Source material:

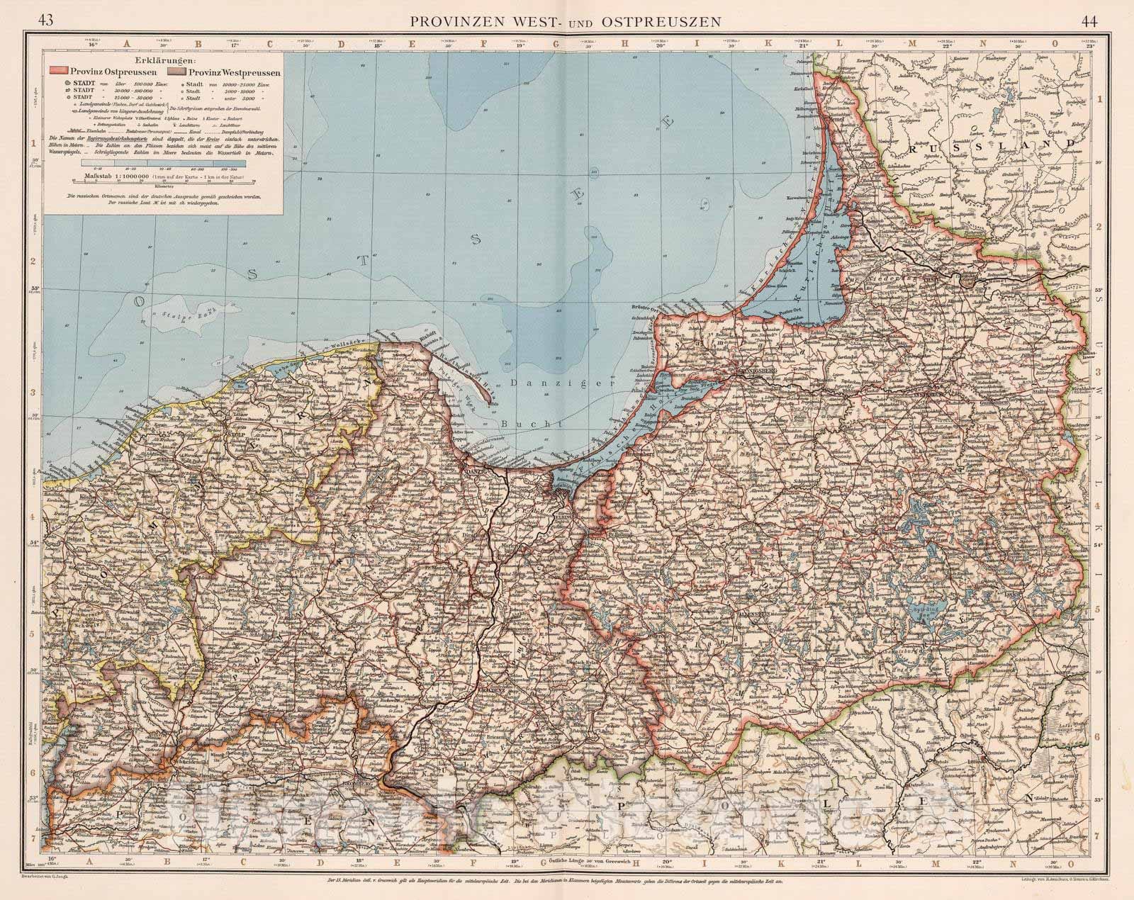 Historic Map : Prussia , Germany; Poland, 1905 Provinzen West- und Ostpreuszen , Vintage Wall Art
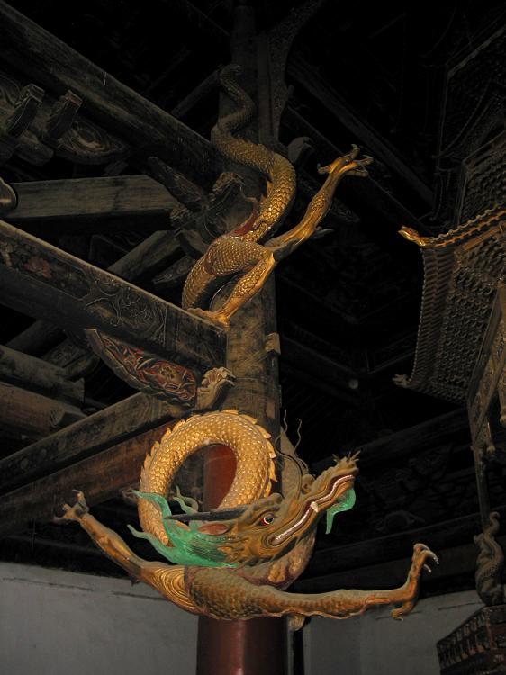 四是报恩寺是群龙聚会的场所。寺内柱额梁枋、天花藻井、脊饰瓦当,乃至香炉、匾额、钟钮等处,或刻或绘,或铸或塑,无处不突出龙的形象。尤以华严殿内长7米的四条泥塑蟠龙最为精美。全寺有九千九百九十九条龙,加上“当今皇帝万万岁”的龙位,共计有一万条龙,又有“深山龙宫”之称。假如你有雅兴,不妨亲自数一数,这些千姿百态的龙,定会使你一饱眼福,增添无穷的乐趣。
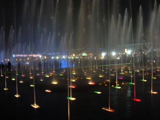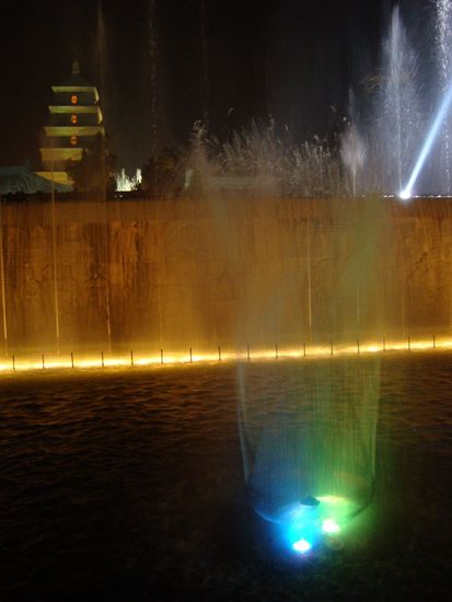 In Xian' an der "big wild goose pagoda" findet allabendlich ein prachtvolles Wasserfeuerwerk statt mit musikalischer Begleitung

The task: Please retype the data exactly. The pictures do not go in.

Answer box:
 Historic Map : Prussia , Germany; Poland, 1905 Provinzen West- und Ostpreuszen , Vintage Wall Art
 四是报恩寺是群龙聚会的场所。寺内柱额梁枋、天花藻井、脊饰瓦当,乃至香炉、匾额、钟钮等处,或刻或绘,或铸或塑,无处不突出龙的形象。尤以华严殿内长7米的四条泥塑蟠龙最为精美。全寺有九千九百九十九条龙,加上“当今皇帝万万岁”的龙位,共计有一万条龙,又有“深山龙宫”之称。假如你有雅兴,不妨亲自数一数,这些千姿百态的龙,定会使你一饱眼福,增添无穷的乐趣。
 In Xian' an der "big wild goose pagoda" findet allabendlich ein prachtvolles Wasserfeuerwerk statt mit musikalischer Begleitung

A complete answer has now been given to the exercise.